Reply Sat 26 May, 2007 10:18 am
Aborigines mark the day they became 'humans'
By Kathy Marks in Sydney
Published: 26 May 2007
Independent UK

Extraordinary though it seems, it was not until 1967 that Australian Aborigines were recognised as citizens of their own country. Before that they were classified as native wildlife, along with kangaroos and koalas.

This weekend Aborigines are converging on Canberra, the national capital, to celebrate the 40th anniversary of a referendum that led to the constitution being amended. More than 90 per cent of white Australians voted in favour of including indigenous people in the national census. But those who had campaigned for a decade hoped for more:for justice and equality. The anniversary is a reminder of the massive inequalities that still exist in housing, health, education, employment and life expectancy.

Until the referendum, Aborigines were not, officially, human beings. They were "flora and fauna". They were confined to white-controlled reserves and forbidden to travel without special permission. They were paid wages in meat and salt.

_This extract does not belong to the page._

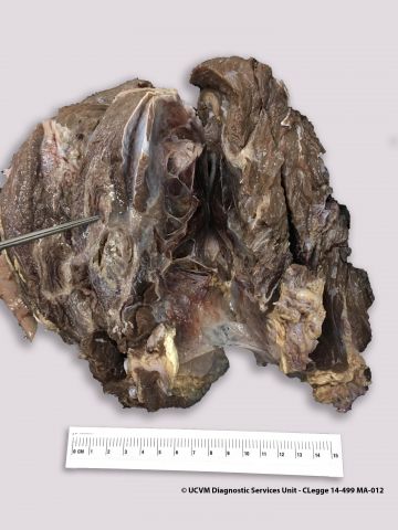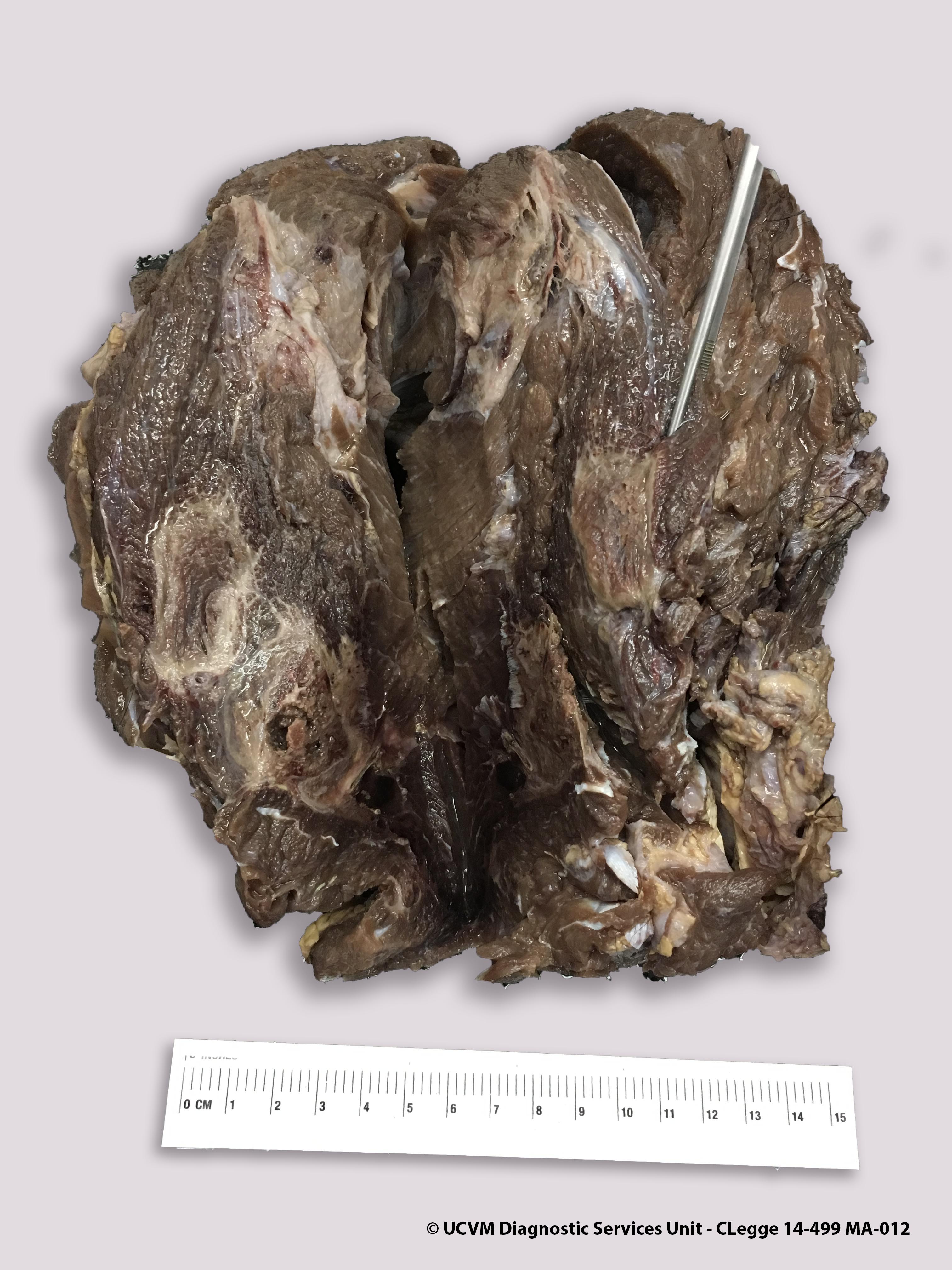 Ruminant, Bovine: Liver. Chronic passive congestion (nutmeg liver) in ionophore toxicity.

Linda Burney, the first indigenous member of the New South Wales parliament, recalled her childhood, pre-referendum, this week. She told the Sydney Morning Herald she was taught that "my people were savages and the closest example to Stone Age man living today". Ms Burney, now 50, said: "I vividly remember wanting to turn into a piece of paper and slip quietly through the crack in the floor."

The Australian Medical Association this week blamed institutional racism, as well as "criminal underfunding", for a 17-year gap in life expectancy between white and black Australians. A recent World Health Organisation report found that Aboriginal health lagged nearly a century behind that of the white population.

While some traditional lands have been handed back to indigenous people, they remain, on the whole, marginalised - socially, politically and economically. Many communities are blighted by alcoholism and violence. Black Australians are still waiting for an official apology to the "Stolen Generation" - the thousands of children forcibly removed from their families and assimilated into white society, under a policy not abandoned until 1975. Last Thursday marked the 10th anniversary of a landmark national inquiry that concluded that the policy amounted to genocide.

For the past decade the Prime Minister, John Howard, has resisted calls to apologise. Instead, his government has pushed through a series of paternalistic measures. The latest plan is to withhold welfare payments if parents fail to send their children to school. The reality is that some remote communities do not have full-time teachers.

The 1967 referendum followed a civil rights campaign inspired by the example of black American leaders, including "freedom rides'' on buses. Jackie Huggins, who was 11 at the time of the referendum, said: "I thought things would really get better now that we had the shackle of invisibility taken away." Forty years later, as chair of Reconciliation Australia, a national body that aims to close the gap, she is still fighting for equality.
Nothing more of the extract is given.